- _Directions_:
Write out the entries below once more, exactly, with the pictures left out.

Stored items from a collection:

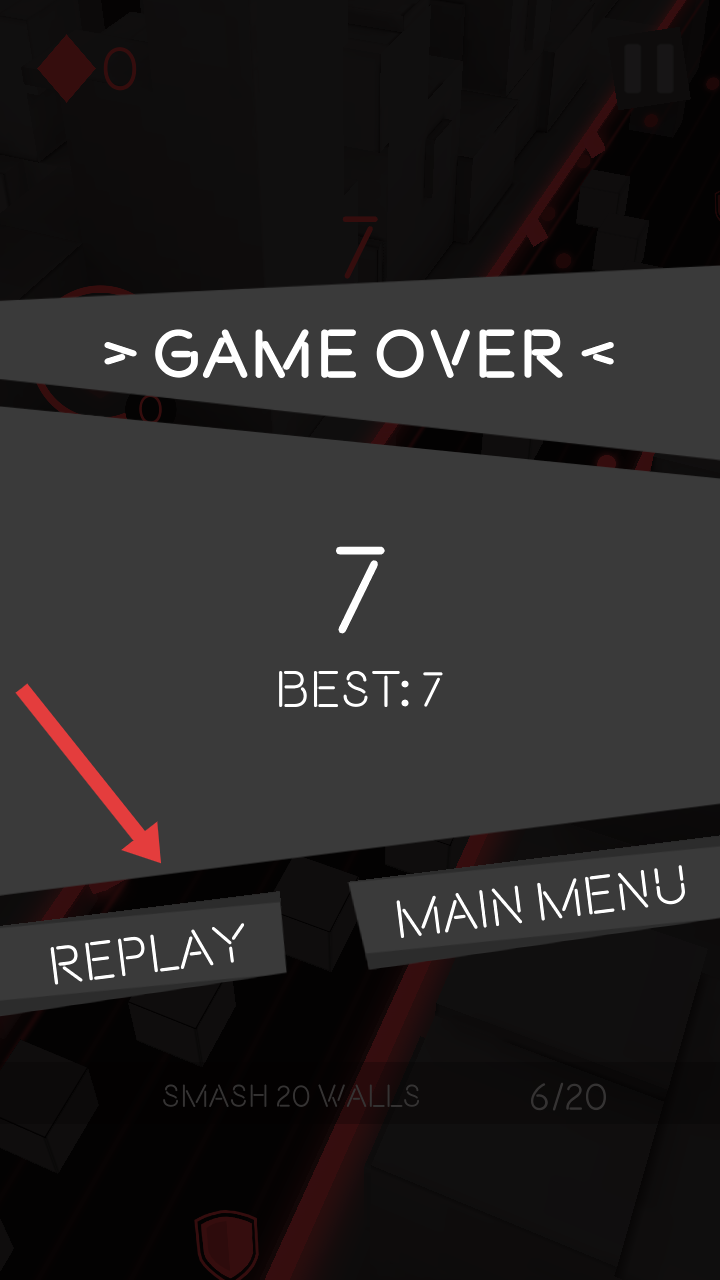 3、在没有护盾的情况下撞到障碍物则结束,结算时点击REPLAY重玩,突破最佳得分7,完成摧毁20面墙目标。
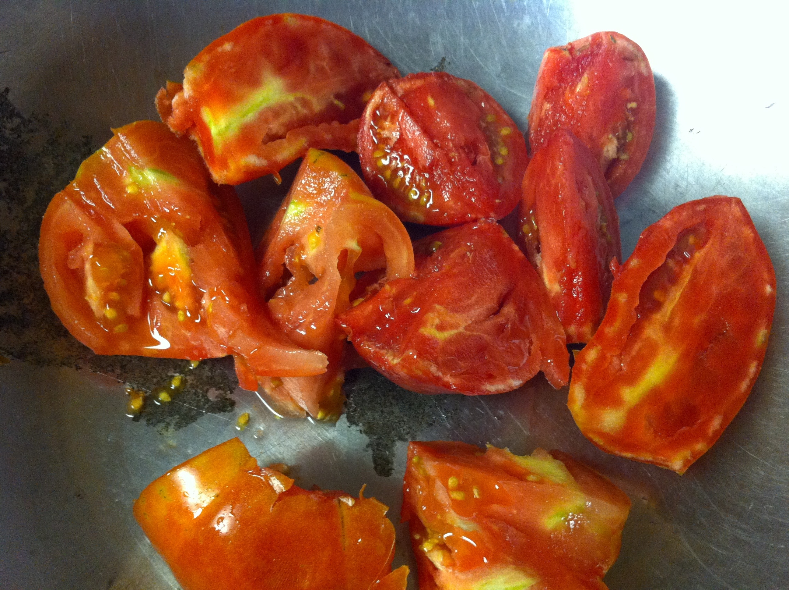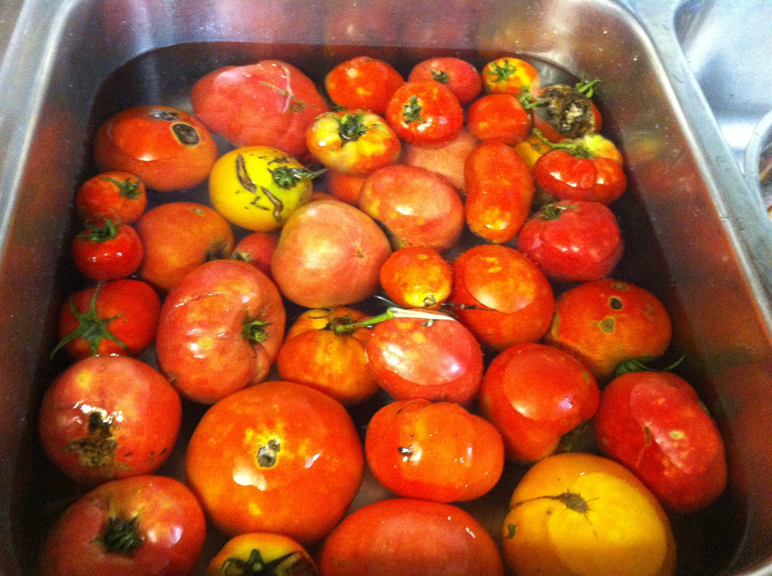 About 45 medium, ripe tomatoes – skins, seeds, cores and bad spots removed {ends up being about 16 cups tomato sauce/juice when most of the liquid is squeezed out before running through the mill or about 20 cups of tomato sauce/juice otherwise}
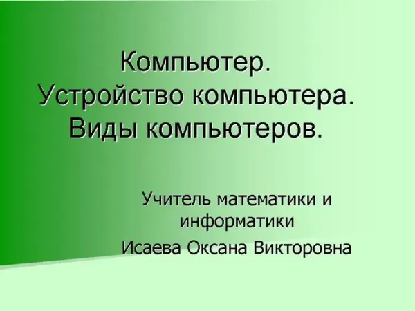 Разработка урока предназначена для изучения темы "Устройство компьютера" в 5–6-х классах. Основной целью является ознакомить учащихся с устройством компьютера и с назначением основных и дополнительных устройств компьютера.
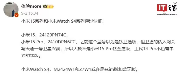 据IT之家此前报道,上月底,一款型号为 M2424W1 小米新品在工信部完成入网,搭载 Xiaomi HyperOS,支持独立 eUICC 芯片的 eSIM 技术。同月初,M2424W1 和 M2427W1 两款小米产品便通过了工信部无线电核准。有博主表示,这两款产品预计为小米 Watch S4 系列,区别或许是 eSIM 版和蓝牙版。
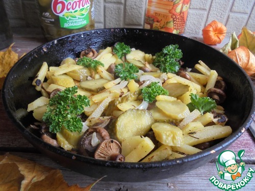 Рецепт «Картофель с рыжиками и маринованными огурцами»:
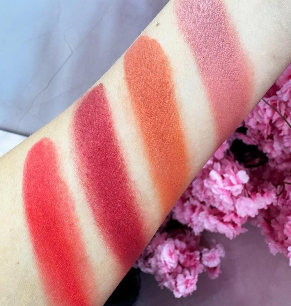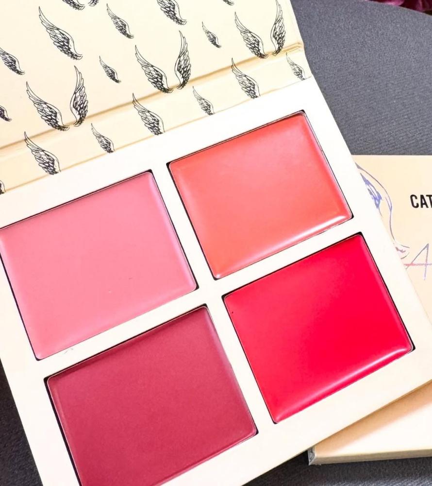 A Paleta Angel Blush Powder é composta por quatro tons de blushes em pó, sendo três opacos e um cintilante.
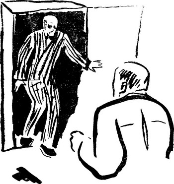 В фирме «Краузе и Смит» ожидали всего. Но когда подкупленный служащий фирмы «Пратт» сообщил, что все изобретения исходят из лаборатории Альвы Доумана, что они шифруются буквами «В» и «К» и порядковыми номерами, что авторская часть вознаграждения выплачивается семьям Венстена и Крюгана, даже самых больших скептиков охватил суеверный ужас. Венстен и Крюган были инженерами электронно-исследовательской лаборатории фирмы Пратт». Первый из них умер в прошлом году, второй — пять лет назад. Оба они завещали свои трупы Альве Доуману для каких-то опытов. Только благодаря выдающемуся уму Венстена «Пратт» процветала. Он не только сыпал изобретениями, словно из рога изобилия, но умел применять их наиболее экономично. К тому же Венстен нередко советовал директорам фирмы, как и когда применять изобретения с наибольшей выгодой. Но в то же время он отказался от предложения стать совладельцем фирмы. Огромные деньги, стекавшиеся в его руки, он расходовал самым неожиданным и нелепым образом. Он был составлен из противоречий, как из разноцветной мозаики. Владельцам и директорам конкурирующей фирмы «Краузе и Смит» оставалось кусать локти. Никакие их уоилмя не могли задержать разрастания «Пратт», хотя у нее было меньше капитала и возможностей. Лишь смерть Венстена давала им надежду на изменение положения. Но в новом деле, где старый Краузе готов был поручиться, что заказы на оборудование достанутся ему, их вновь перехватила фирма «Пратт». И каким образом? Типично венстеновским приемом. В последний момент, когда противник был убежден в победе и ослабил усилия, «Пратт» сообщила о крупном изобретении, разрешавшем выпускать реле с удвоенным сроком службы. Даже в том, как описывалось открытие, как подчеркивалось его экономическое значение, виден был «почерк» Венстена. Если бы люди, хорошо знавшие инженера, не были уверены в его смерти, они бы определили, что м изобретение совершено, и описание составлено, и момент для сообщения выбран Венстеном. Один за другим ни с чем возвращались агенты, в лабораторию лысого «безумца» никто из них He пробрался. Старый Краузе рвал на мелкие клочки ненужные бумажки — а это был плохой признак. Когда было получено сообщение от служащего «Пратт», Краузе прервал совещание директоров и знаком велел остаться Конраду Дорту, одному из совладельцев фирмы. — Вы знали всех этих… — «большой старик» сделал неопределенный жест. — Вам придется взять дело на себя. Он пожевал губами и умолк. Это было равносильно приказу. …Конраду пришлось немало потрудиться. Лучшие детективы ничего не смогли сделать. Оставалось надеяться только на себя самого. Две с половиной недели, пять неудачных попыток — и наконец он в этом проклятом шкафу в лаборатории Альвы. Конрад ждет. Сквозь щель в двери пробивается узкая полоска света, острая, как лезвие бритвы. У Конрада затекла левая нога. Он повернулся, и дверца шкафа скрипнула, Конрад потянул дверь к себе cлишком сильно. Полоска света исчезла. Теперь нужно снова осторожно приоткрыть дверь. Но тут послышались тяжелые шаги нескольких человек. В лабораторию что-то внесли. Прозвучал быстрый захлебывающийся голос Альвы — его Конрад различил бы даже в шуме толпы: — Ставьте здесь и здесь. Шаги удалились, потом стали приближаться. Но это уже были шаги одного человека, Альвы. Быстрый голос и шаркающие шаги, ме
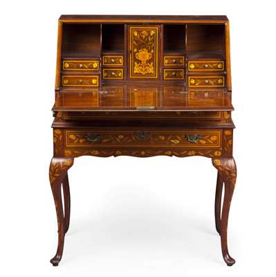 DUTCH WALNUT MARQUETRY BUREAU ON STAND

- _Task response_:
 3、在没有护盾的情况下撞到障碍物则结束,结算时点击REPLAY重玩,突破最佳得分7,完成摧毁20面墙目标。
 About 45 medium, ripe tomatoes – skins, seeds, cores and bad spots removed {ends up being about 16 cups tomato sauce/juice when most of the liquid is squeezed out before running through the mill or about 20 cups of tomato sauce/juice otherwise}
 Разработка урока предназначена для изучения темы "Устройство компьютера" в 5–6-х классах. Основной целью является ознакомить учащихся с устройством компьютера и с назначением основных и дополнительных устройств компьютера.
 据IT之家此前报道,上月底,一款型号为 M2424W1 小米新品在工信部完成入网,搭载 Xiaomi HyperOS,支持独立 eUICC 芯片的 eSIM 技术。同月初,M2424W1 和 M2427W1 两款小米产品便通过了工信部无线电核准。有博主表示,这两款产品预计为小米 Watch S4 系列,区别或许是 eSIM 版和蓝牙版。
 Рецепт «Картофель с рыжиками и маринованными огурцами»:
 A Paleta Angel Blush Powder é composta por quatro tons de blushes em pó, sendo três opacos e um cintilante.
 В фирме «Краузе и Смит» ожидали всего. Но когда подкупленный служащий фирмы «Пратт» сообщил, что все изобретения исходят из лаборатории Альвы Доумана, что они шифруются буквами «В» и «К» и порядковыми номерами, что авторская часть вознаграждения выплачивается семьям Венстена и Крюгана, даже самых больших скептиков охватил суеверный ужас. Венстен и Крюган были инженерами электронно-исследовательской лаборатории фирмы Пратт». Первый из них умер в прошлом году, второй — пять лет назад. Оба они завещали свои трупы Альве Доуману для каких-то опытов. Только благодаря выдающемуся уму Венстена «Пратт» процветала. Он не только сыпал изобретениями, словно из рога изобилия, но умел применять их наиболее экономично. К тому же Венстен нередко советовал директорам фирмы, как и когда применять изобретения с наибольшей выгодой. Но в то же время он отказался от предложения стать совладельцем фирмы. Огромные деньги, стекавшиеся в его руки, он расходовал самым неожиданным и нелепым образом. Он был составлен из противоречий, как из разноцветной мозаики. Владельцам и директорам конкурирующей фирмы «Краузе и Смит» оставалось кусать локти. Никакие их уоилмя не могли задержать разрастания «Пратт», хотя у нее было меньше капитала и возможностей. Лишь смерть Венстена давала им надежду на изменение положения. Но в новом деле, где старый Краузе готов был поручиться, что заказы на оборудование достанутся ему, их вновь перехватила фирма «Пратт». И каким образом? Типично венстеновским приемом. В последний момент, когда противник был убежден в победе и ослабил усилия, «Пратт» сообщила о крупном изобретении, разрешавшем выпускать реле с удвоенным сроком службы. Даже в том, как описывалось открытие, как подчеркивалось его экономическое значение, виден был «почерк» Венстена. Если бы люди, хорошо знавшие инженера, не были уверены в его смерти, они бы определили, что м изобретение совершено, и описание составлено, и момент для сообщения выбран Венстеном. Один за другим ни с чем возвращались агенты, в лабораторию лысого «безумца» никто из них He пробрался. Старый Краузе рвал на мелкие клочки ненужные бумажки — а это был плохой признак. Когда было получено сообщение от служащего «Пратт», Краузе прервал совещание директоров и знаком велел остаться Конраду Дорту, одному из совладельцев фирмы. — Вы знали всех этих… — «большой старик» сделал неопределенный жест. — Вам придется взять дело на себя. Он пожевал губами и умолк. Это было равносильно приказу. …Конраду пришлось немало потрудиться. Лучшие детективы ничего не смогли сделать. Оставалось надеяться только на себя самого. Две с половиной недели, пять неудачных попыток — и наконец он в этом проклятом шкафу в лаборатории Альвы. Конрад ждет. Сквозь щель в двери пробивается узкая полоска света, острая, как лезвие бритвы. У Конрада затекла левая нога. Он повернулся, и дверца шкафа скрипнула, Конрад потянул дверь к себе cлишком сильно. Полоска света исчезла. Теперь нужно снова осторожно приоткрыть дверь. Но тут послышались тяжелые шаги нескольких человек. В лабораторию что-то внесли. Прозвучал быстрый захлебывающийся голос Альвы — его Конрад различил бы даже в шуме толпы: — Ставьте здесь и здесь. Шаги удалились, потом стали приближаться. Но это уже были шаги одного человека, Альвы. Быстрый голос и шаркающие шаги, ме
 DUTCH WALNUT MARQUETRY BUREAU ON STAND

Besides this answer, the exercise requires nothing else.